Asylum seekers who attempt to reach Australia by boat should be deported to detention centres in Malaysia, Papua New Guinea and the tiny Pacific atoll of Nauru, a report to Parliament recommended today.

The report aims to curb the flow of future boat arrivals and was drawn up by an expert panel headed by former Australian Defence Force Chief Angus Houston. It combines policy solutions proposed by the major political parties, who remain bitterly divided on the issue.

Human rights group Amnesty International described the report's recommendations as a major setback for Australian refugee policy.

Prime Minister Julia Gillard commissioned the report six weeks ago after two people-smuggling boats capsized between Indonesia and Australia within a week with more than 90 asylum seekers believed drowned.

Mr Houston said he was "dismayed" by a newspaper report today, unconfirmed by authorities, that another 67 asylum seekers may be missing at sea.

In commissioning the report, Ms Gillard hoped to break the political deadlock on asylum seekers.

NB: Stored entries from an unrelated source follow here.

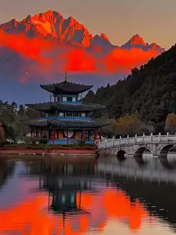 When the Jade Dragon Snow Mountain is draped in golden gauze, and the 7,000-square-meter sea of flowers in Ting Hua Gu sways in the twilight, the sky performs a magical gradient of gold and pink—this is definitely one of the top ten sunsets you must see in your life! I took 128G of photos here, enough to dominate my WeChat Moments.🥂
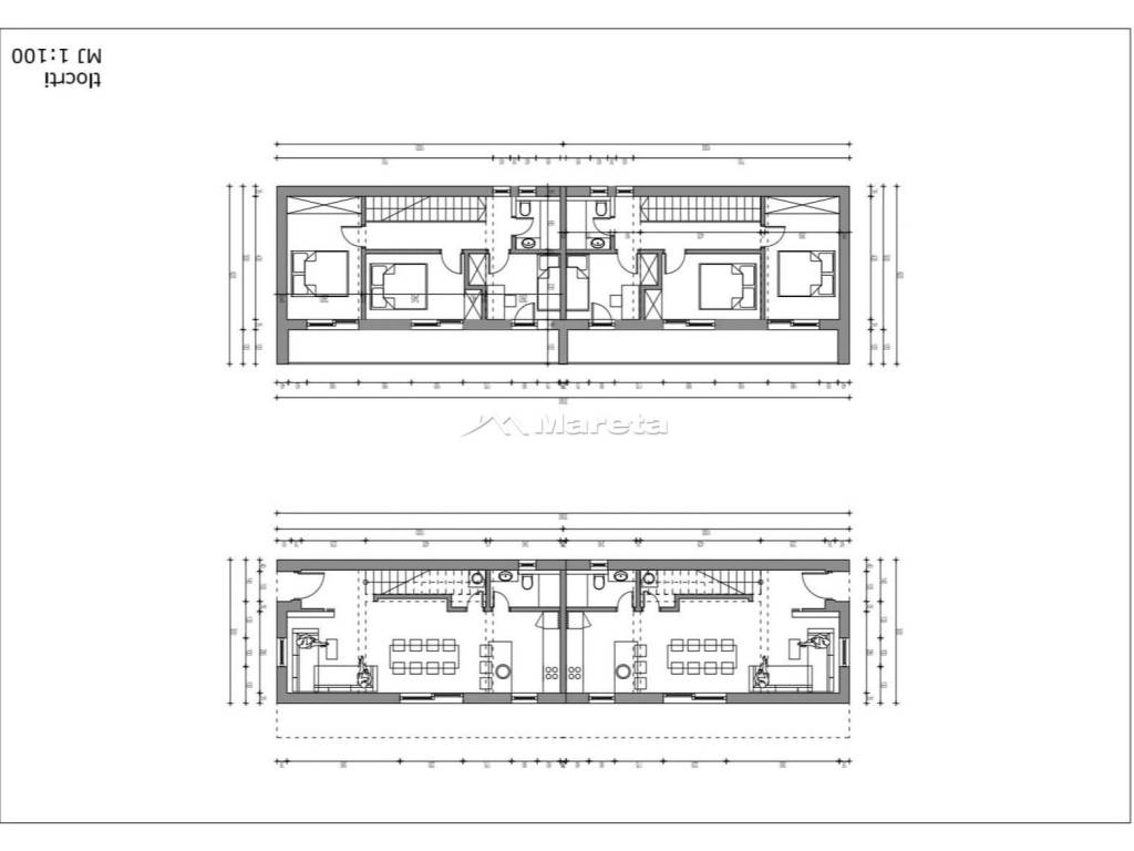 Svaka stambena jedinica ima 100m2 stambenog prostora + dva parkirna mjesta i dio vrta.( tlocrti i raspored prostorija u galeriji).
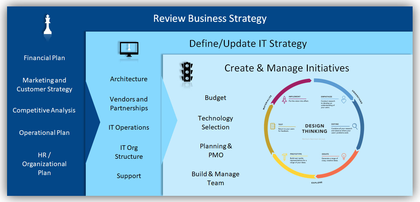 Initiatives must be integrated into a larger IT Strategy and tied back to tangible business results. We can help with all the components of a successful technology program.
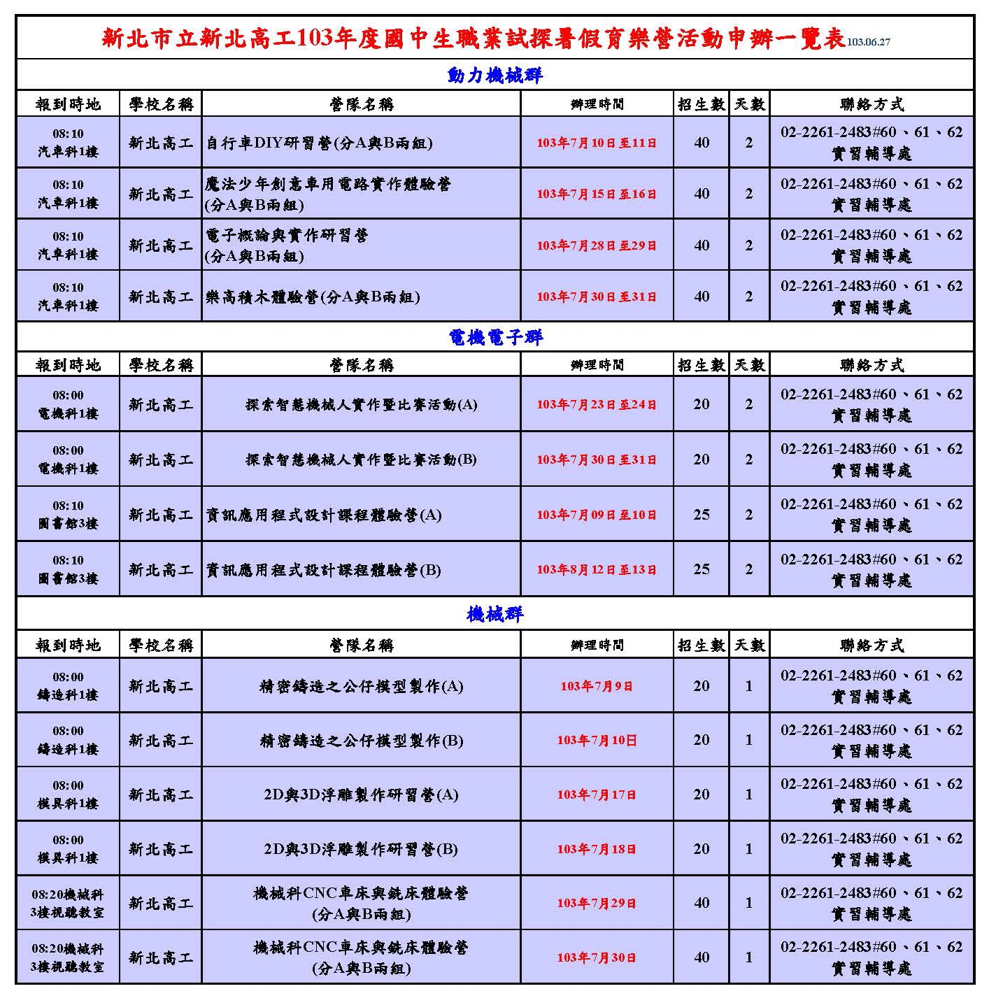 請參加暑假育樂營國中生一律著該校校服或體育服 謝謝配合!103.06.27 |
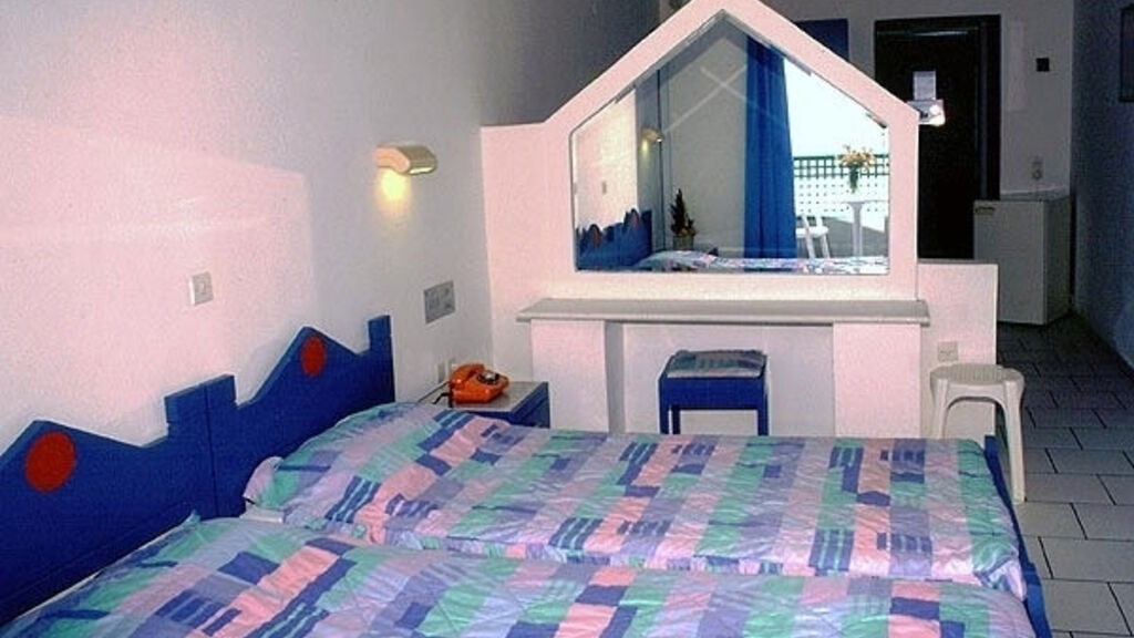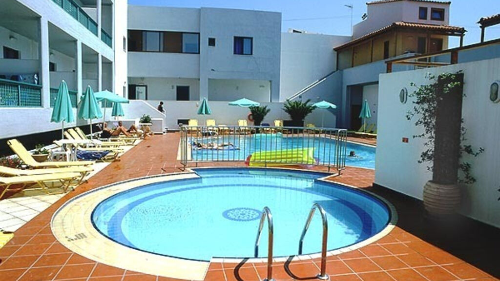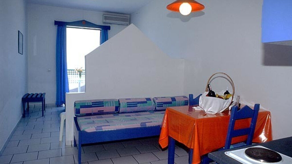 Účelně vybavená 2lůžková studia s možností jedné přistýlky nebo apartmány (2 místnosti) s možností 2 přistýlek (apartmány jen v omezeném počtu a na vyžádání) jsou zařízené v krétském stylu. Mají vlastní sociální zařízení, SAT/TV, klimatizaci, kuchyňský kout (vařič, lednička, základní nádobí), balkon/terasu a trezor (za poplatek).
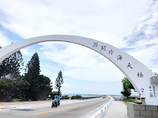 吃完就繼續往前進,跨海大橋蠻長的,海風也大,幾度要把我的安全帽吹走。
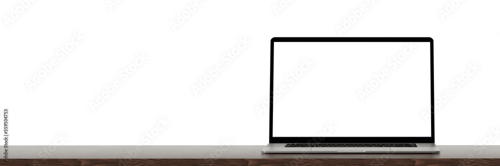Laptop blank screen mockup on wooden table. wide web banner. Front view. copy space. 3D rendering

Parliament resumes tomorrow for the first time since the Senate rejected legislation in June that would have allowed the government to deport asylum seekers to offshore detention centres in a bid to deter others from making the same hazardous journey by rickety fishing boats from Indonesian or Malaysian ports.

More than 7,000 asylum seekers - many from war-torn countries including Afghanistan, Iraq and Sri Lanka - have reached the Australian Indian Ocean territory of Christmas Island in more than 100 boats so far this year.

The ruling centre-left Labour Party want to send asylum seekers to Malaysia as part of a swap deal in which Australia would resettle bona fide refugees from Kuala Lumpur registered with the United Nations.

The conservative opposition argues that asylum seekers' rights would not be respected by Malaysia because it has not signed the UN Refugee Convention. The opposition argues that detention centres should be reopened in the poor Pacific countries of Nauru and Papua New Guinea where a former Australian conservative government established them a decade ago.

The report recommends the Nauru and Papua New Guinea centres be quickly re-established to process asylum seekers' refugee claims. It also said that the Malaysian deal needed more work to address human rights concerns, "rather than being discarded or neglected."

Opposition immigration spokesman Scott Morrison welcomed the report as an endorsement of his party's policies.

The report also recommends that Australia encourage more people to seek asylum through legitimate channels by immediately increasing the nation's refugee quota from 13,750 to 20,000 and to 27,000 within five years.

"We recommend a policy approach that is hard-headed, but not hard-hearted. That is realistic, not idealistic. That is driven by a sense of humanity as well as fairness," Mr Houston told reporters.

The Australian Customs and Border Protection service said in a statement that it was aware of reports that a boat carrying 67 might have gone missing between Indonesia and Australia.

"These claims are being investigated," the service said in a statement.

The Daily Telegraph newspaper reported that the group, including 28 Palestinians, told their families that they were sailing for Christmas Island in late June and had not been heard of since.